The channel has a network of reporters in Palestine (specifically, in Gaza and Ramallah) and also, in Jerusalem. He continued to present for the station in 20. He was paid £18,000 for the first four months of 2014, for hosting two programmes a month in Beirut. George Galloway, a former British MP, was a presenter for the channel. Like Jiddo, most of the channel's staff are former Al Jazeera correspondents and editors. Two Syrian journalists, Ramia Ibrahim and Futoun Abbasi, and two Palestinian journalists Kamal Khalaf and Ahmad Sobh as well as Yemeni Mona Safwan are also among its staff. The staff of the channel include Lebanese journalists such as Sami Kulaib, Ali Hashem, the former Al Jazeera war correspondent, who said he resigned from the channel because it refused to broadcast footage of militants on the Lebanese Syrian borders in the early days of the Syrian uprising, Zahi Wehbe, Lina Zahreddine, Lana Mudawwar, Muhammad Alloush, Ahmad Abu Ali and Dina Zarkat.
Al mayadeen livestation tv#
Nayef Krayem, the owner of the Lebanon-based Al Ittihad TV and former director of the Hezbollah-affiliated Al-Manar, was designated as the general manager of the channel, but he resigned one month before its launch. Jiddo seemingly accused Al Jazeera of deviating from "professional broadcasting standards", emphasizing that Al Mayadeen would remain objective and unbiased. He resigned from the Qatar-based Al Jazeera in 2011, criticizing its reporting of the Syrian civil war.
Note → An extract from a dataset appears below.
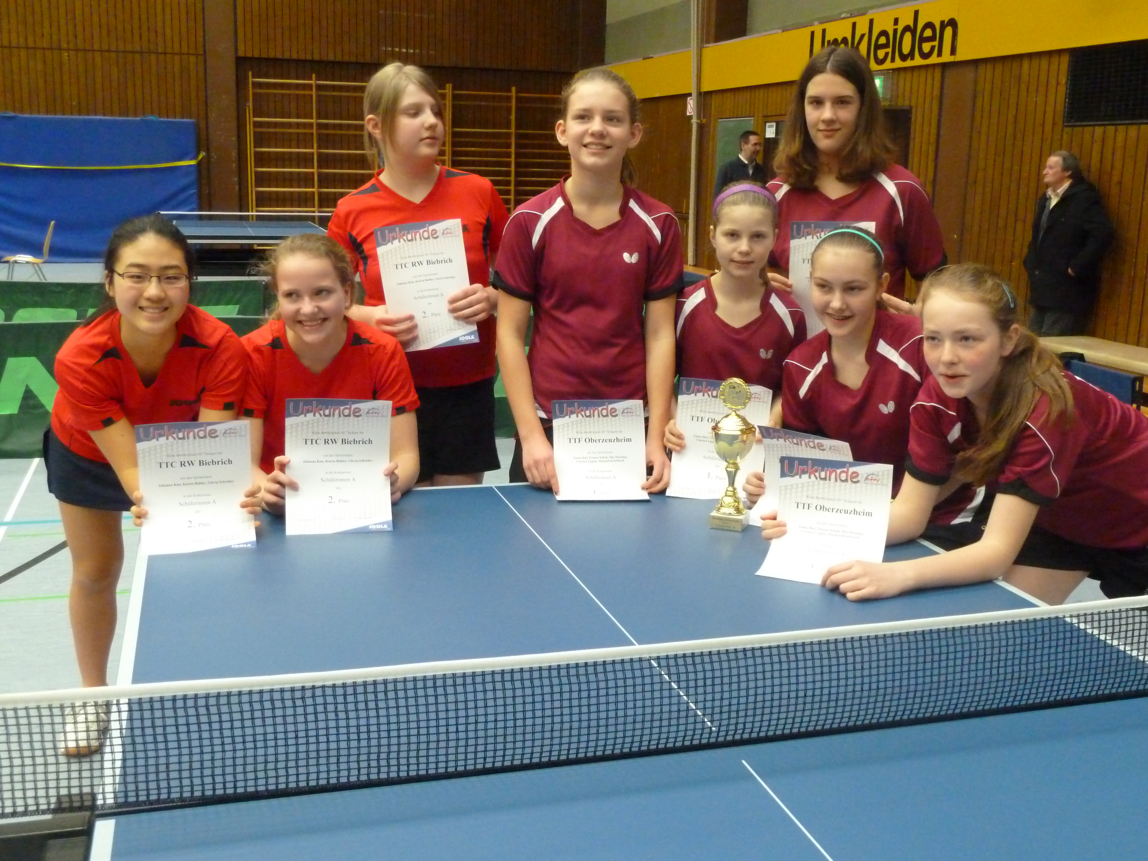 Bezirkspokalsieger 2018 Schülerinnen A (kreisgebunden) TTC Staffel (rechts) - 2. Platz RW Biebrich (links)

He is the former head of Al Jazeera's Iran and Beirut offices and a former talk show host in the channel. Ghassan bin Jiddo is the head of the board of directors and program director of the channel. Besides the headquarters in Beirut, Al Mayadeen has a news network and three regional offices, one in Tunisia, another in Cairo with three reporters and a big studio, and a third in Tehran. The channel is part of Al Mayadeen satellite media network, including a production company, a radio station, a website of Arabic, English and Spanish editions, an advertising company and other media-related projects. Al Mayadeen is viewed as pro- Hezbollah and pro- Syrian government. At its founding in 2012, many of Al Mayadeen's senior staff were former correspondents and editors of Al Jazeera.

In the pan-Arab TV news market, it competes against Al Jazeera and Al Arabiya, and also against Sky News Arabia and BBC Arabic Television. It has news reporters in most Arab countries. Al Mayadeen ( Arabic: الميادين The Plazas) is a pan-Arabist satellite news television channel launched on 11 June 2012 in Beirut, Lebanon.